We have all heard the statistics indicating that African-Americans have a higher rate of heart disease compared with the rest of the population; data collected from 2001 to 2004 for the National Health and Nutrition Examination Survey claims that twice as many African-Americans between the ages 45 and 64 develop heart failure compared to other Americans in this age group. This past June, the FDA approved the antihypertensive drug BiDil for the treatment of heart failure in self-identified African-American patients, setting a new precedent for racial labeling of drugs. The multidisciplinary panel will discuss this decision of using race as a proxy for genetic relatedness in drug design and the broader implications on current understanding of difference among groups. They will explore questions such as how should we think about the correspondence of human population genetic structure with traditional racial and ethnic categories? What are the implications of these decisions on health disparities among racially identified populations? And how does current research on genetic differences engage with the creation of social identities and race?

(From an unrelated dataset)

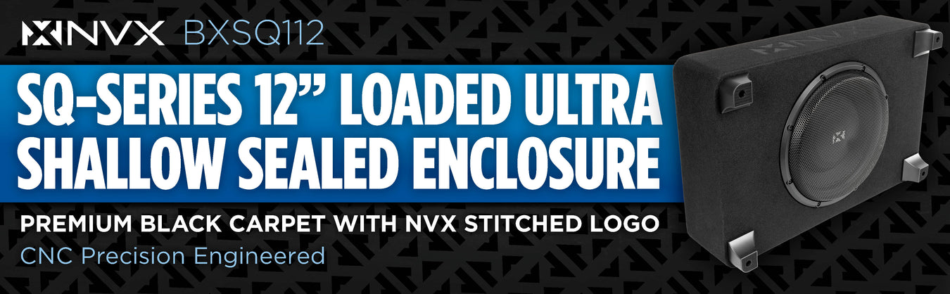 BXSQ112 1200W Peak (600W RMS) Sealed 2-Ohm Loaded Enclosure with Single 12" SQ-Series Shallow-Mount Subwoofer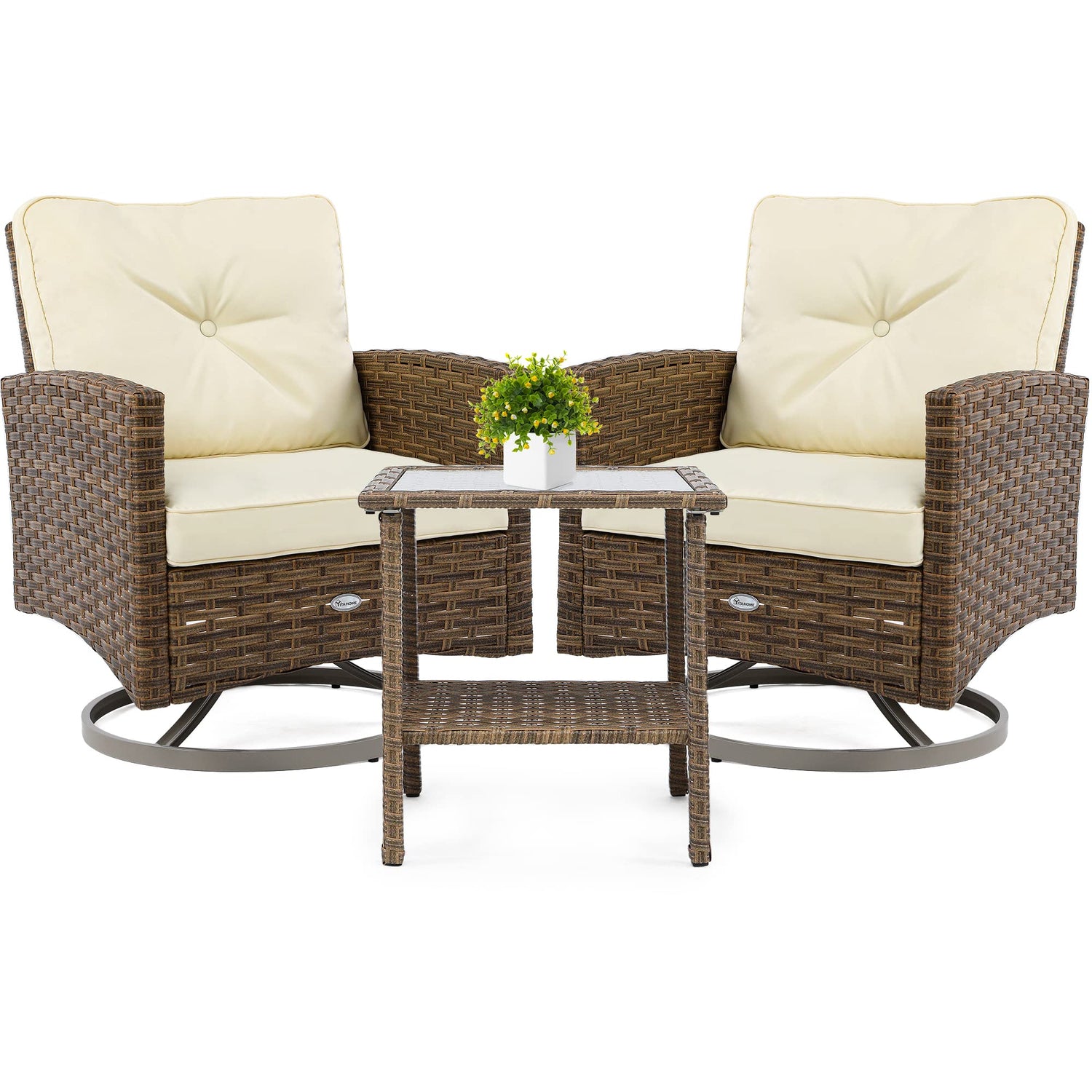YITAHOME 3-Piece Patio Wicker Swivel Chairs, Outdoor Small Furniture Rocking Coversation Chairs w/Thick Cushions and Table for Garden, Backyard and Balcony (Tan Chairs + Off- White Cushions)

Lawrence D. Bobo, the Martin Luther King, Jr. Centennial Professor and Director of the Center for Comparative Studies in Race and Ethnicity, will provide the opening remarks for a discussion with panelists approaching the issue from a variety of perspectives: Sally Haslanger (Department of Linguistics and Philosophy, Massachusetts Institute of Technology), Marcus Feldman (Biological Sciences, Stanford University), Jonathan Kahn (School of Law, Hamline University), Duana Fullwiley (Department of Society, Human Development, and Health, Harvard University), and Rick Kittles (Department of Molecular Virology, Immunology and Medical Genetics, Ohio State University). The panel moderator is Sandra Soo-Jin Lee, a Medical Anthropologist and Senior Research Scholar at the Stanford Center for Biomedical Ethics who does research on genomic technologies and conceptions of "race," identity, and justice in biomedicine.
“Revisiting Race in a Genomic Age: A Public Forum on Race-based Drug Design” is on Tuesday, January 10, 2006 from 4 to 6pm with a reception to follow. This free public event, held at Levinthal Hall in the Stanford Humanities Center, is presented by the Research Institute of Comparative Studies in Race and Ethnicity and co-sponsored by the Stanford Humanities Center, Center for Biomedical Ethics, Center for Law and the Biosciences, Program in Ethics in Society and the Center on Ethics.